*** Data for this task Section Begins ***

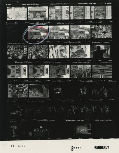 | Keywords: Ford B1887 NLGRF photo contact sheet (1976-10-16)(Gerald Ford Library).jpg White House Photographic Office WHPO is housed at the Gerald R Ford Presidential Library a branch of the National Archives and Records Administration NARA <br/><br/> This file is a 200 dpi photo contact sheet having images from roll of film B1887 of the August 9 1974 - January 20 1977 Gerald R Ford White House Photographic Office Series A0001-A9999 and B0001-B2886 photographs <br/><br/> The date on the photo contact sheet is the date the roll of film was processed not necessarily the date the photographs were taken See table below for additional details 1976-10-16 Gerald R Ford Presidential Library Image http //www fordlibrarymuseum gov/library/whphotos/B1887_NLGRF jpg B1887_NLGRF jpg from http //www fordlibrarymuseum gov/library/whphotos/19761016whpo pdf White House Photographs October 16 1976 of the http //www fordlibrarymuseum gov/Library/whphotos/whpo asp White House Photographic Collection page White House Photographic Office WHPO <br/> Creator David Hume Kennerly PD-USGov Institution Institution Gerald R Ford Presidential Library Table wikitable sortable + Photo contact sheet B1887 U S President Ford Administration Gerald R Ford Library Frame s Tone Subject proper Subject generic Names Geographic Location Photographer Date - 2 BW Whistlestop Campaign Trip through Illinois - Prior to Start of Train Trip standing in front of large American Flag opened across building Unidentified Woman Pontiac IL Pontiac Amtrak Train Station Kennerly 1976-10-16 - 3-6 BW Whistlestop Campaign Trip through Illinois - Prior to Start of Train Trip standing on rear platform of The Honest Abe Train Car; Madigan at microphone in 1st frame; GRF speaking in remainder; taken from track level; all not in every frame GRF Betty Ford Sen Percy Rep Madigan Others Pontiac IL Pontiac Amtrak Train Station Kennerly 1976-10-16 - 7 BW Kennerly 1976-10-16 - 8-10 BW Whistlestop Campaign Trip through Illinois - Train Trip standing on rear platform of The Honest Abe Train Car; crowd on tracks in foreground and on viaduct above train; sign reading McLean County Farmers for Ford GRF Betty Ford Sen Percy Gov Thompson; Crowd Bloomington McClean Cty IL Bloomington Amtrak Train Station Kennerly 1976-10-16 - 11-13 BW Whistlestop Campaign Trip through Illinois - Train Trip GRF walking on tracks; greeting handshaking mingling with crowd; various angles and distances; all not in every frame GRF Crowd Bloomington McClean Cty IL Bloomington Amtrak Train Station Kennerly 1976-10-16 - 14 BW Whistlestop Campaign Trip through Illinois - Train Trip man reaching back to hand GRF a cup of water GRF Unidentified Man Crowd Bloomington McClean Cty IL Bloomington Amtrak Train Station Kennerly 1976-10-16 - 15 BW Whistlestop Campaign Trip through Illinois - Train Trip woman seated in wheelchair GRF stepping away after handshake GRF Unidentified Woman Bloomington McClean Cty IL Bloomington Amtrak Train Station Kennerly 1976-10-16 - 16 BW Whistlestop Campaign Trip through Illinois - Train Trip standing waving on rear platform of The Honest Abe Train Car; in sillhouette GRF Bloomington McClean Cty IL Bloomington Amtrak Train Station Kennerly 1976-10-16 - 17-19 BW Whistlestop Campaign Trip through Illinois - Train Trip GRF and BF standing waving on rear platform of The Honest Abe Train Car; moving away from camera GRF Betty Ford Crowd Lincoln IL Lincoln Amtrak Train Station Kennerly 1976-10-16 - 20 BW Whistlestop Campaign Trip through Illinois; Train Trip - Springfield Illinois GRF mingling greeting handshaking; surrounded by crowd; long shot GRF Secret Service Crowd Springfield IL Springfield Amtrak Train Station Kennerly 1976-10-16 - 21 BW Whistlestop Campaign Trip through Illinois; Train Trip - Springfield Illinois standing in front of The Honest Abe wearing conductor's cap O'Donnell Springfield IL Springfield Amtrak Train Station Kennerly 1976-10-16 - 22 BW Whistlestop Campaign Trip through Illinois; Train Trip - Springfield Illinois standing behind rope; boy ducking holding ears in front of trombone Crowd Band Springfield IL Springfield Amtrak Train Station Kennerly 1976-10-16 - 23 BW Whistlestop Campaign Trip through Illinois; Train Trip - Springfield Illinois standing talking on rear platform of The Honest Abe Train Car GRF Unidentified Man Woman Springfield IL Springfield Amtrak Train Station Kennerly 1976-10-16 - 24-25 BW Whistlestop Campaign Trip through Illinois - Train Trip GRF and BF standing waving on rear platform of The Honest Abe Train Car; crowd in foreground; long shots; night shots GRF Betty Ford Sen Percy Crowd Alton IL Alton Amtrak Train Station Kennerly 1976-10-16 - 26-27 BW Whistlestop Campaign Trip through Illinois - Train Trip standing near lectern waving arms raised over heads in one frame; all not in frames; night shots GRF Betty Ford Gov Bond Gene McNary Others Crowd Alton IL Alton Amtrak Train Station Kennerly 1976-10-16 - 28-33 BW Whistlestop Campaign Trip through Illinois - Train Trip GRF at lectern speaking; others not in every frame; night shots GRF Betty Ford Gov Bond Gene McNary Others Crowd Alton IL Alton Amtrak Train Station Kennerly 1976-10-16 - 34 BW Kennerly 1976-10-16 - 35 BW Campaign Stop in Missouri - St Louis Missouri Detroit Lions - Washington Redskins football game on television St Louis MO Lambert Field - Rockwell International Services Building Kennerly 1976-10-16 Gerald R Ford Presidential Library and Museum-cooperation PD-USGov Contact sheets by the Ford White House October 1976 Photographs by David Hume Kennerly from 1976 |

*** Data for this task Section Ends ***
*** Data for this task Section Begins ***

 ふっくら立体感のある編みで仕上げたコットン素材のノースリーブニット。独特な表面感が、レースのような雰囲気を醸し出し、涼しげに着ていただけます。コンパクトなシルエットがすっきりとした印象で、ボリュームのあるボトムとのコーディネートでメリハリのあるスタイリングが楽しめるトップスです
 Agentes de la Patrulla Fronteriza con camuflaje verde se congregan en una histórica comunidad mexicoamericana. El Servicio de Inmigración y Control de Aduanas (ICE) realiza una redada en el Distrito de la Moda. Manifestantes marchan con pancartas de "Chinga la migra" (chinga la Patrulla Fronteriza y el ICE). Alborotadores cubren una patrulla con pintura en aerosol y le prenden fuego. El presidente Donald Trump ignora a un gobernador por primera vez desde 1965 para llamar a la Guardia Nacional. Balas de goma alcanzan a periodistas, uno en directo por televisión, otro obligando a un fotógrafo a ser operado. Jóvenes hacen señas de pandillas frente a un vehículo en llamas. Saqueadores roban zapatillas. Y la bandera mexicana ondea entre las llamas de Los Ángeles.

*** Data for this task Section Ends ***

### What you should do
Everything above from the line containing "ふっくら立体感のある編みで仕" down to the line containing "Agentes de la" is to be transcribed exactly, with both of those lines included and nothing else added.

### Completed task
 ふっくら立体感のある編みで仕上げたコットン素材のノースリーブニット。独特な表面感が、レースのような雰囲気を醸し出し、涼しげに着ていただけます。コンパクトなシルエットがすっきりとした印象で、ボリュームのあるボトムとのコーディネートでメリハリのあるスタイリングが楽しめるトップスです
 Agentes de la Patrulla Fronteriza con camuflaje verde se congregan en una histórica comunidad mexicoamericana. El Servicio de Inmigración y Control de Aduanas (ICE) realiza una redada en el Distrito de la Moda. Manifestantes marchan con pancartas de "Chinga la migra" (chinga la Patrulla Fronteriza y el ICE). Alborotadores cubren una patrulla con pintura en aerosol y le prenden fuego. El presidente Donald Trump ignora a un gobernador por primera vez desde 1965 para llamar a la Guardia Nacional. Balas de goma alcanzan a periodistas, uno en directo por televisión, otro obligando a un fotógrafo a ser operado. Jóvenes hacen señas de pandillas frente a un vehículo en llamas. Saqueadores roban zapatillas. Y la bandera mexicana ondea entre las llamas de Los Ángeles.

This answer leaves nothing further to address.